> **What to do**
Without pictures, retype the following entries exactly.

Source records:
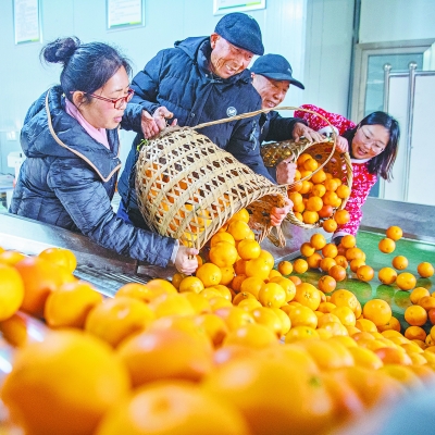 重庆市垫江县的种植户将刚采摘的柑橘放入分拣机器内。(资料照片)
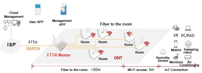 FTTR (Fiber to The Room) fiber deployment to the room design solution is a solution based on FTTB (Fiber to the Building) and FTTH (Fiber to the Home), so that each room can reach more than a gigabit network speed, to achieve full coverage of the whole house wired and Wi-Fi dual gigabit.
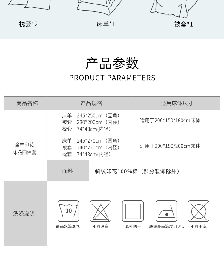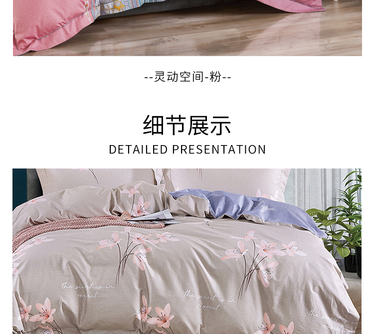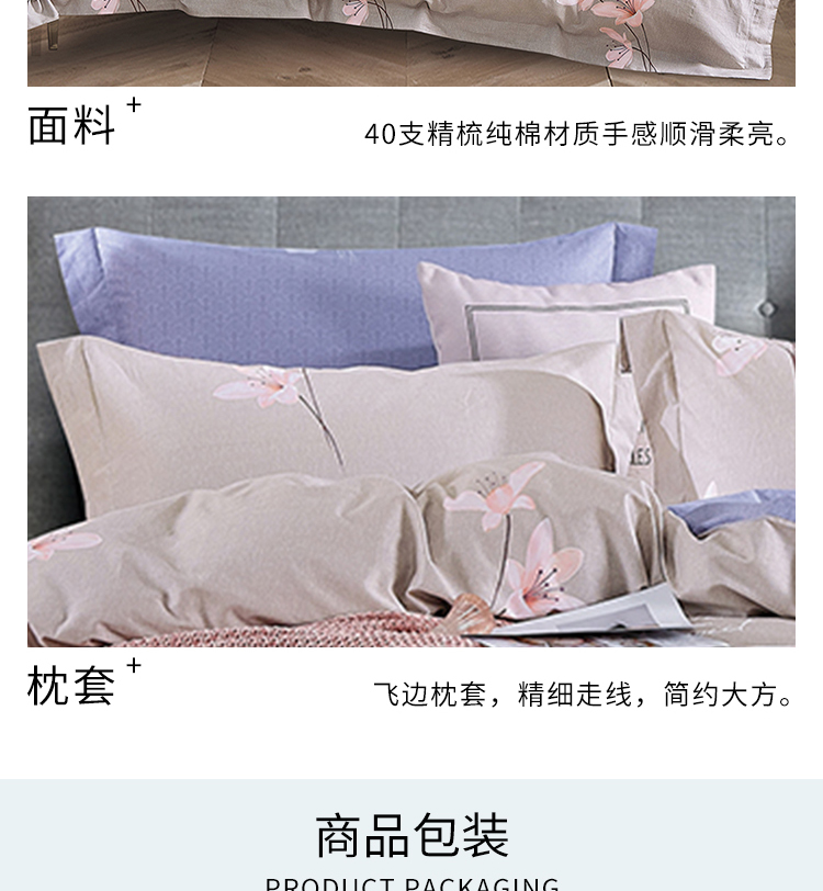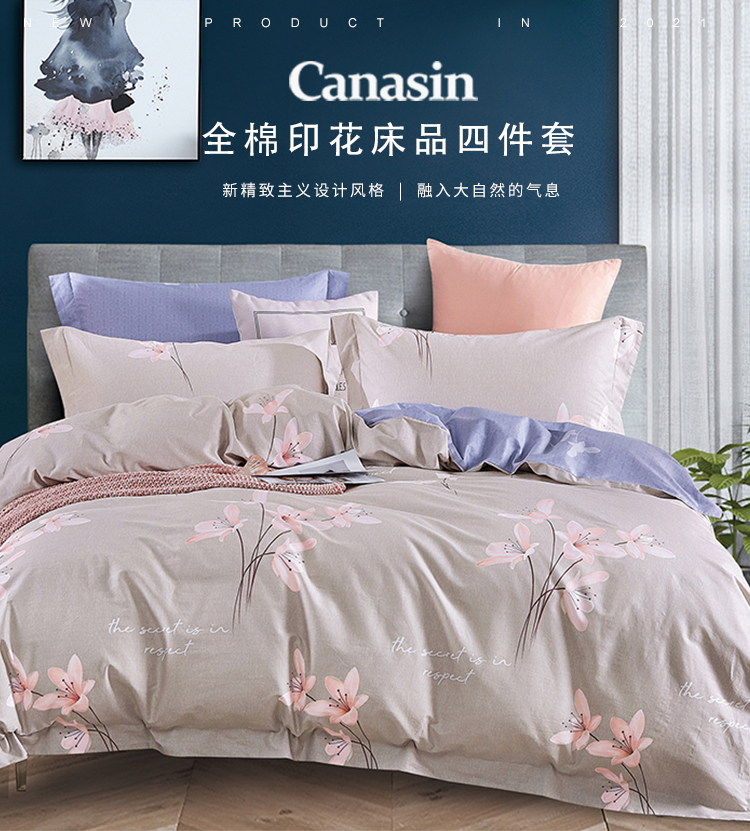 康乃馨 全棉纯棉印花床上四件套床单被套 简约家居用品
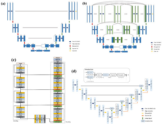 Architecture of each model, (a) Basic U-Net, (b) U-Net++, (c) Residual U-Net, and (d) Attention U-Net.
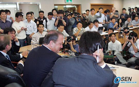 아드보카트 신임 국가대표팀 감독이 30일 오전 서울 신문로 축구회관에서 가진 취임 기자회견에 많은 보도진이 몰린 가운데 아드보카트 감독이 통역(오른쪽)을 통해 질문 내용을 전해 듣고 있다./주지영 기자 jj0jj0@osen.co.kr [Copyright ⓒ OSEN(www.osen.co.kr) 무단전재 및 재배포 금지]

> **Answer to the problem**
 重庆市垫江县的种植户将刚采摘的柑橘放入分拣机器内。(资料照片)
 FTTR (Fiber to The Room) fiber deployment to the room design solution is a solution based on FTTB (Fiber to the Building) and FTTH (Fiber to the Home), so that each room can reach more than a gigabit network speed, to achieve full coverage of the whole house wired and Wi-Fi dual gigabit.
 康乃馨 全棉纯棉印花床上四件套床单被套 简约家居用品
 Architecture of each model, (a) Basic U-Net, (b) U-Net++, (c) Residual U-Net, and (d) Attention U-Net.
 아드보카트 신임 국가대표팀 감독이 30일 오전 서울 신문로 축구회관에서 가진 취임 기자회견에 많은 보도진이 몰린 가운데 아드보카트 감독이 통역(오른쪽)을 통해 질문 내용을 전해 듣고 있다./주지영 기자 jj0jj0@osen.co.kr [Copyright ⓒ OSEN(www.osen.co.kr) 무단전재 및 재배포 금지]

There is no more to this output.